On the 1st day of June, 1901, the defendant corporation entered into a certain water right agreement with the plaintiff Z. A. Lanham whereby the defendant transferred and sold to said Lanham a perpetual right to the use of water from the irrigation system of the defendant company, consisting of main and lateral canals and other works in Chelan county, to the amount of 38-100 of one cubic foot per second, from April 15th to October 31st of each year, commencing with the 1st day of June, 1901, for the purpose of irrigating a certain thirty-eight acre tract of land owned by the plaintiffs and for domestic purposes incident thereto. It appears that about eighteen acres of this land is situated above the level of the appellant’s main canal and is not sus*338ceptible of irrigation therefrom by gravity flow. In view, of this fact, doubtless, the water right agreement contained the following provision: “It is understood and agreed that the purchaser is to have the right to raise such part of the amount of water herein conveyed by pump or otherwise as he may so desire, for the purpose of irrigating that part of the above-described land lying above the grade of the main canal of the said company.” The present action was instituted on the 15th day of May, 1907, praying for a mandatory injunction requiring the defendant to deliver water to the plaintiffs’ land through a certain ditch known as “The Settler’s Ditch,” pursuant to the terms of said water right agreement. Upon a hearing had the temporary mandatory injunction was granted as prayed, and from that order the present appeal is prosecuted.

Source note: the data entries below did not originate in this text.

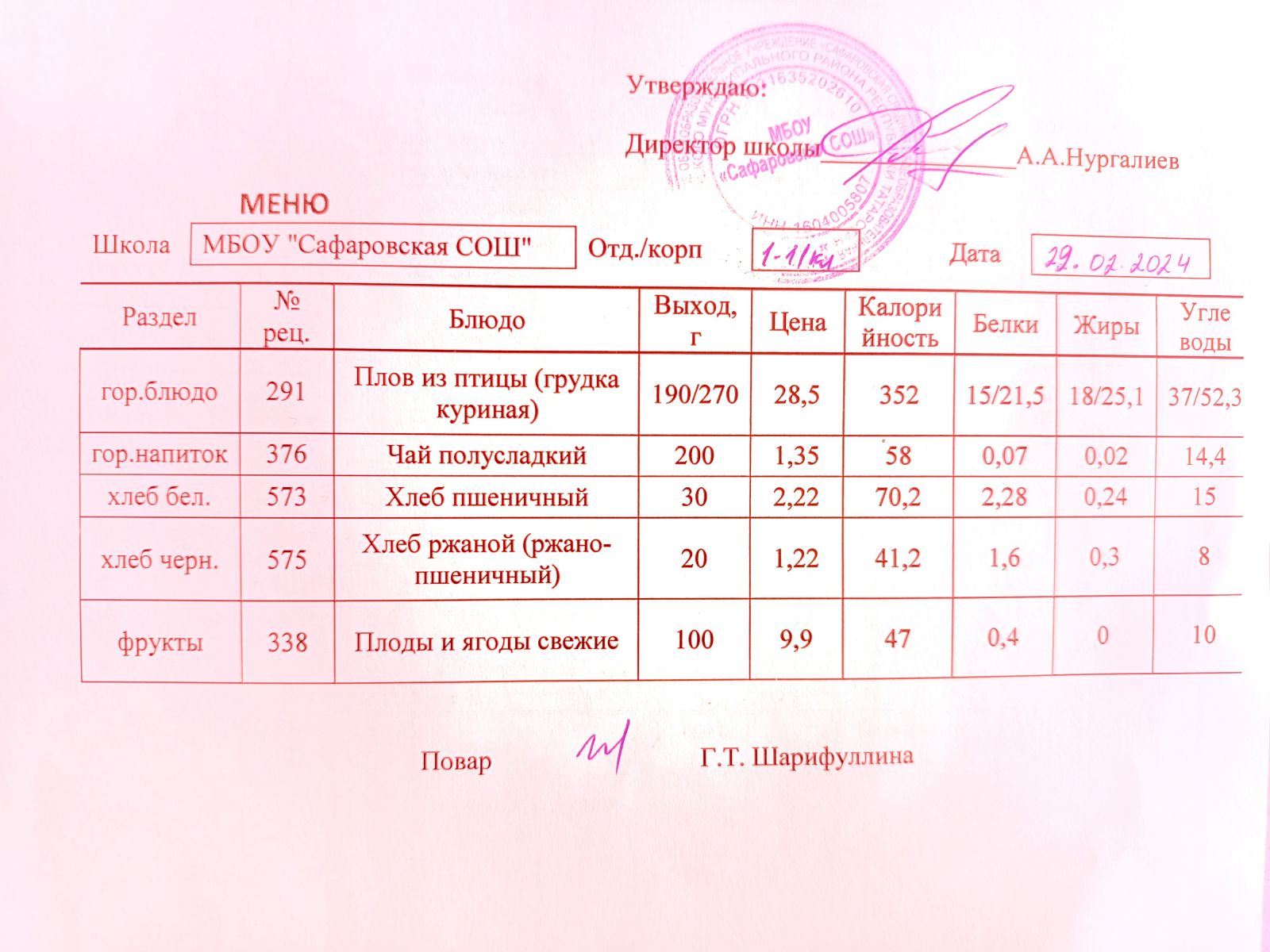 | Короткое название: | МБОУ "Сафаровская СОШ" |
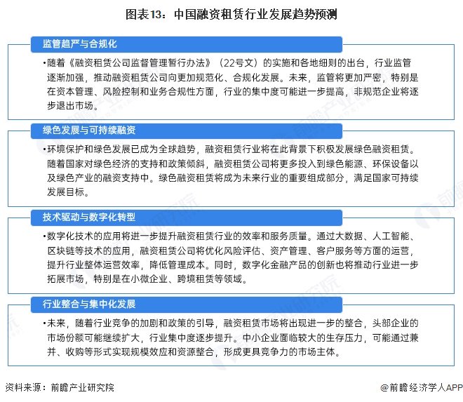 总体来看,未来中国融资租赁行业将朝着更加规范化、绿色化、数字化以及集中化的方向发展,同时逐步适应政策和市场的变化,推动行业的可持续增长。
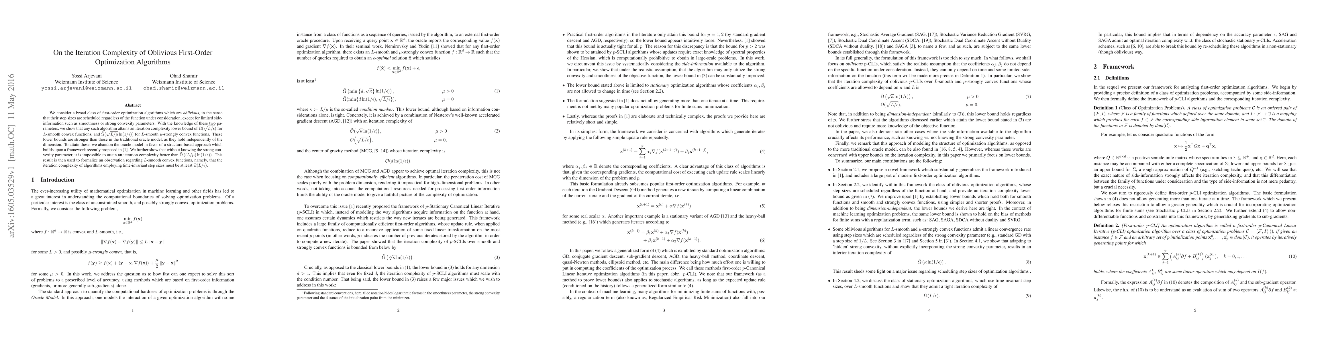 We consider a broad class of first-order optimization algorithms which are \emph{oblivious}, in the sense that their step sizes are scheduled regardless of the function under consideration, except for limited side-information such as smoothness or strong convexity parameters. With the knowledge of these two parameters, we show that any such algorithm attains an iteration complexity lower bound of $\Omega(\sqrt{L/\epsilon})$ for $L$-smooth convex functions, and $\tilde{\Omega}(\sqrt{L/\mu}\ln(1/\epsilon))$ for $L$-smooth $\mu$-strongly convex functions. These lower bounds are stronger than those in the traditional oracle model, as they hold independently of the dimension. To attain these, we abandon the oracle model in favor of a structure-based approach which builds upon a framework recently proposed in (Arjevani et al., 2015). We further show that without knowing the strong convexity parameter, it is impossible to attain an iteration complexity better than $\tilde{\Omega}\left((L/\mu)\ln(1/\epsilon)\right)$. This result is then used to formalize an observation regarding $L$-smooth convex functions, namely, that the iteration complexity of algorithms employing time-invariant step sizes must be at least $\Omega(L/\epsilon)$.
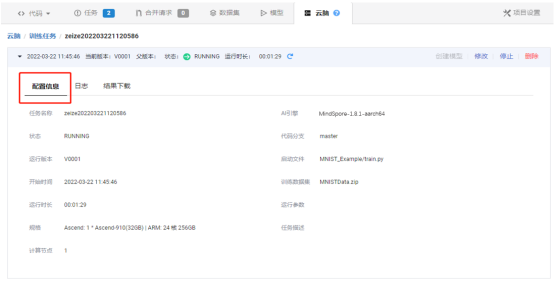 点击任务名称,进入到版本管理页面,默认查看配置信息,比如任务运行时长及状态,还有相关参数信息等。训练时长无限制,所以大家放心大胆地使用~
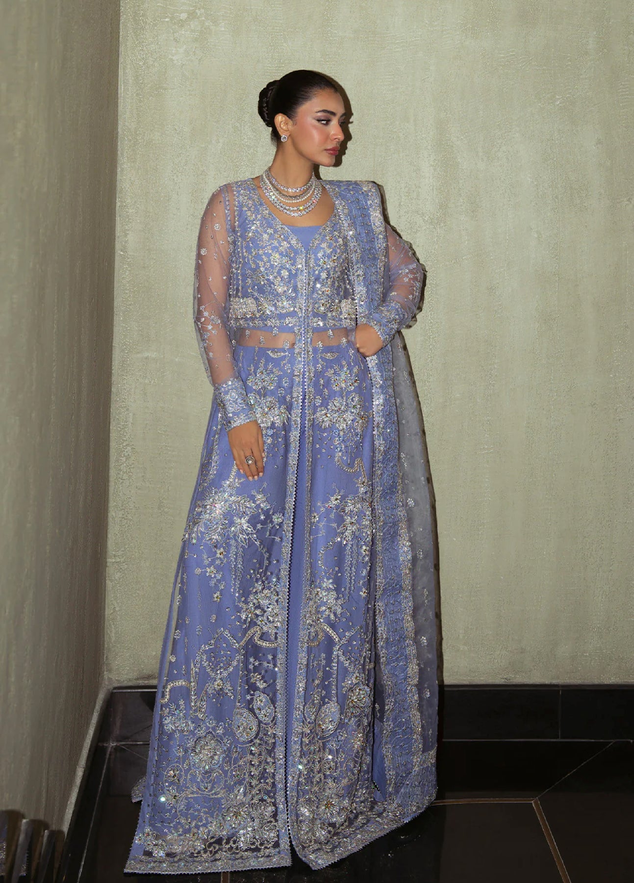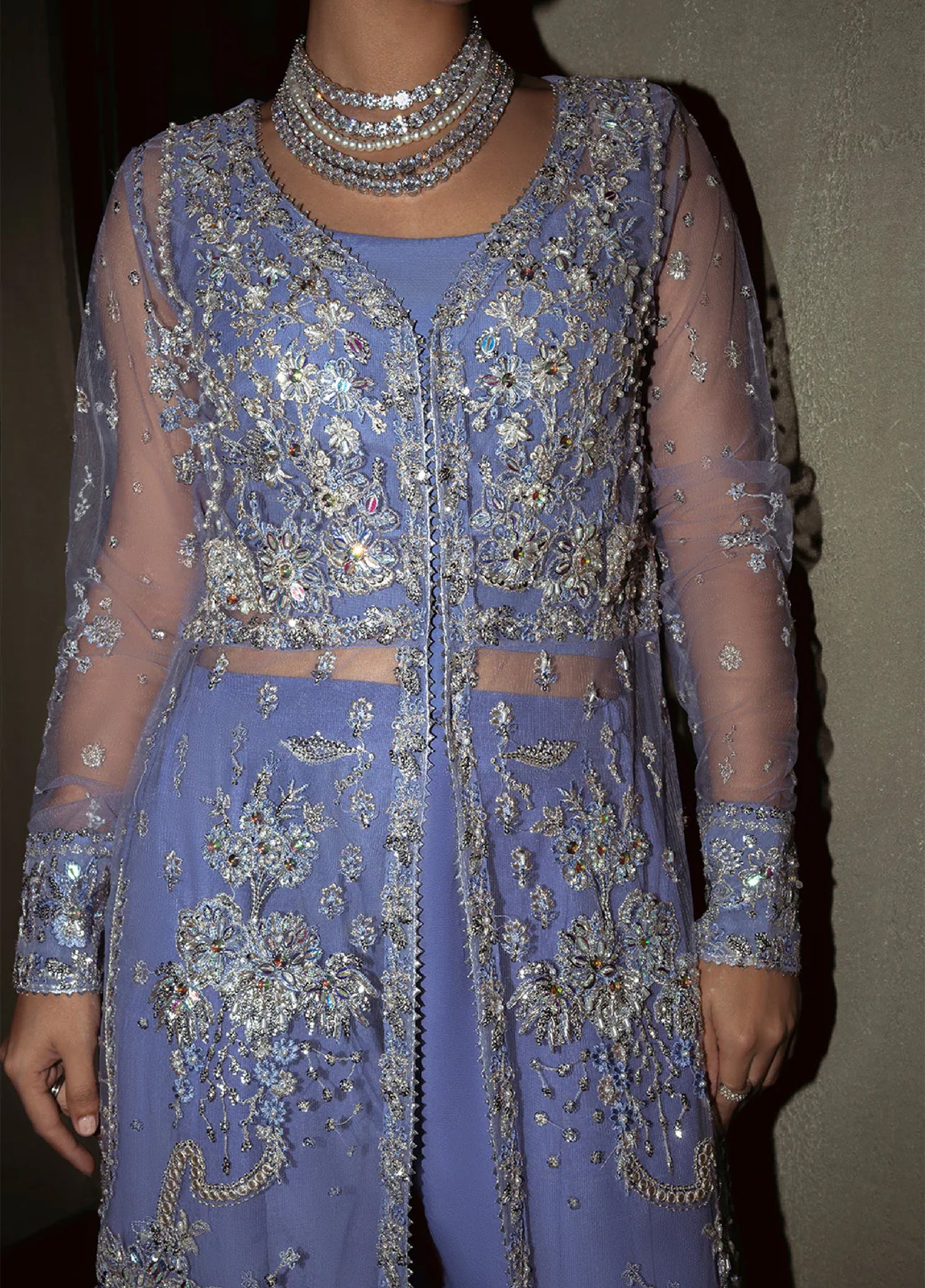 • EMBROIDERED AND HAND EMBELISHED NET LEFT PANEL.(1-PIECE)

From the affidavits filed at the hearing in the court below it satisfactorily appears that the “Settler’s Ditch” is owned by a corporation other than the appellant, and that the appellant is only a stockholder therein. This ditch forms no part of the appellant’s irrigation system and is not embraced within the contract under which the respondents claim. It appears, however, that the appellant, as a matter of accommodation, permitted the respondents to take water from the Settler’s Ditch to irrigate that portion of their land that could not be irrigated by gravity flow from the appellant’s main canal, until such time as the respondents might arrange to pump water from the main canal for that purpose. The court below, as appears from its certificate, was of opinion that the respondents were not entitled to the relief sought under the provisions of the contract upon which the action was brought; but that inasmuch as the respondents had been permitted to take water from the Settler’s Ditch under a parol license, it would be unjust and inequitable to permit a revocation of that license, without notice, under the circumstances. We are of opinion that the court below was clearly right in its conclu*339sion that the water right agreement did not entitle the respondents to the water claimed by them through the Settler’s Ditch, on the showing made at the preliminary hearing, but, however unjust and inequitable it might seem to revoke a parol license granted as a mere matter of accommodation, the appellant was clearly within its rights when it did so, and the court was powerless to prevent it.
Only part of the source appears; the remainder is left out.